“If you live to be one hundred, you’ve got it made. Very few people die past that age.” –George Burns
For over thirteen years I was a nervous wreck. I had special hotel guests–mainly the rich and famous–sporting bruised and swollen eye sockets and covered in white gauze head dressings, sneaking in the back door hiding from the paparazzi, desperately in need of immediate beds, care and pampering. You can understand why I was in such a state. No one in her right mind would have opened and managed such a business and name it THE HIDDEN GARDEN HIDEAWAY. I was 48, single putting my daughter through college. In those thirteen years I had hardly a date, never finished a script, never had a Thanksgiving or Christmas and only one vacation. The reason I wanted a quiet, secluded business was to enjoy just those things.
It all started in the late eighties that I decided to get my eyes done. I was forty + and no question that I needed it. Besides, I was working in the film industry trying to sell scripts to a much younger generation. Competition in Hollywood is fierce and walking into a room of twenty-year-olds made me cringe with insecurities about everything, my writing, my hair, my clothes and especially my age.
The doctor assured me, ”It‘s a simple procedure and afterwards you go home with a friend”. So I did. The day of surgery went well and my girlfriend picked me up. My good friend took me to her house to spend that first night. Bruised and bloody, groggy with foul smelling breath, exhausted and thirsty, I crashed, a terrible houseguest. The next morning, I looked like some foreign person had invaded her guest room. My swollen eyes refused to open, although we used the frozen peas suggested. I was a mess. I was miserable. My friend was miserable. Later I felt so guilty, it was totally unfair to ask a friend to play nursemaid all night and then have to go to work in the morning. What was I thinking!
Where do women go when they want to have cosmetic work done? After all, this is Hollywood. Celebrities have procedures done all the time. Where do the rich and famous go? I checked the phone book and there were over sixty plastic surgeons in Beverly Hills. Why would anyone want a friend, let alone a husband, take care of them? What do they know about frozen peas and that an ice pack causes frostbite on your face.
Why would anyone want to go to a major popular hotel? How could they sneak in without being noticed, walk through a lobby, go up an elevator? That’s when the “light bulb” went off. I had always wanted a small boutique hotel, bed and breakfast kind of place. It’s a perfect job for a writer. One could write and wait for the phone to ring to book reservations. Most of the day would be quiet and I would serve afternoon tea. I had a few good assets: knew how to make beds and boil water.
I started looking for the perfect croissant and the perfect nurse.
That’s when The Hidden Garden Hideaway Retreat, was born.
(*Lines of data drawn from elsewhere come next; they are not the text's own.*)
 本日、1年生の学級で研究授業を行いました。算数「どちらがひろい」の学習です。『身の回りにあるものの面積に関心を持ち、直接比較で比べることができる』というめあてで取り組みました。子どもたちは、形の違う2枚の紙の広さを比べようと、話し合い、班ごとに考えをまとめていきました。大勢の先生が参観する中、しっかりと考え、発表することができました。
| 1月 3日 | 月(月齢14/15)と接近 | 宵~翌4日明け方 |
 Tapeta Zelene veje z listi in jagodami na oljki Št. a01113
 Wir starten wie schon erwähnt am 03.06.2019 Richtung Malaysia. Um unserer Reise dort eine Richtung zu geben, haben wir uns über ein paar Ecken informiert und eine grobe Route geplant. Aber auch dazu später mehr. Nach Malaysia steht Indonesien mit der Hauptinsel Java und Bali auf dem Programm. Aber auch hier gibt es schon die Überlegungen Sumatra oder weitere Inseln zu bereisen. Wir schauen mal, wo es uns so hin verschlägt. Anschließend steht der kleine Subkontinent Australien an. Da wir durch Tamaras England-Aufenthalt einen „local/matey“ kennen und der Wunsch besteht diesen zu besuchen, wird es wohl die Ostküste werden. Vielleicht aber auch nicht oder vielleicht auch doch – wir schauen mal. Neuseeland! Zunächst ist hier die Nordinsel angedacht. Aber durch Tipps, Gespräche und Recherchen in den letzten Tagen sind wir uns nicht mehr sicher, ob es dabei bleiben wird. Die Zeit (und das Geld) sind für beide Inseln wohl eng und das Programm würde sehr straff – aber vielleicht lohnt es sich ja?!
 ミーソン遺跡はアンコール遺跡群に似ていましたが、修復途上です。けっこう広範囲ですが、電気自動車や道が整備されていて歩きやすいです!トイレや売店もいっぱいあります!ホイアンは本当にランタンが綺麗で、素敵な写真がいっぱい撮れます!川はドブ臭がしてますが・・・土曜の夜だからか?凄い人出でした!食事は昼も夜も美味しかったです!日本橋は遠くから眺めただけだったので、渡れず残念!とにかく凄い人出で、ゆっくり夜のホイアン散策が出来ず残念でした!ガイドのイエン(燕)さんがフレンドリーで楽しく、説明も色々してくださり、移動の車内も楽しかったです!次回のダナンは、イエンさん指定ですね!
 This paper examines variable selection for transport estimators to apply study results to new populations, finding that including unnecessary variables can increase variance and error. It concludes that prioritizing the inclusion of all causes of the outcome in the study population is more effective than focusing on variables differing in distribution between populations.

And over the next thirteen years, hiding some 4,000 celebrities, royalty and international politicians, I had not finished one script as the anxiety of managing this type of business was beyond anything you can imagine. Working with the rich and famous is intense, they were my priority 24/7 for thirteen years with just one break for my daughter’s wedding. For these high profile guests, this was one of the most important “secret” times in their lives and dangerous, like with any surgery it could be fatal.
Yet, I have to confess, as intense as it was, it was incredible fun.
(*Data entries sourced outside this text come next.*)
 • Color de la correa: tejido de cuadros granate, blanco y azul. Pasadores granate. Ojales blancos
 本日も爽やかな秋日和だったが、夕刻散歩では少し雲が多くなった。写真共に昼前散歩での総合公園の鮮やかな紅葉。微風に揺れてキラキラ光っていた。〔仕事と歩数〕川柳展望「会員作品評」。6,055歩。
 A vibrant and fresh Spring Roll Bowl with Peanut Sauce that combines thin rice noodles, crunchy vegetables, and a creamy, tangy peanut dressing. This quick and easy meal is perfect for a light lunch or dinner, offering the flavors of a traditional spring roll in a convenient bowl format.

On the day of their surgery, the doctor would decide if his patient would be healthy enough to go to his home with an adult friend. Once the doctor signed off, then that person would be eligible to be one of our guests. Most guests had no idea that they were going to be in a head dressing with drains or a liposuction garment even if they were forewarned. Somehow, people only hear what they want to hear and we found that few read these pre-op instructions and most had no clue what to expect. Even if they knew someone who had the exact procedure, they didn’t want anyone to know that they were doing it, so they wouldn’t ask them. Plastic surgery was still very “taboo”.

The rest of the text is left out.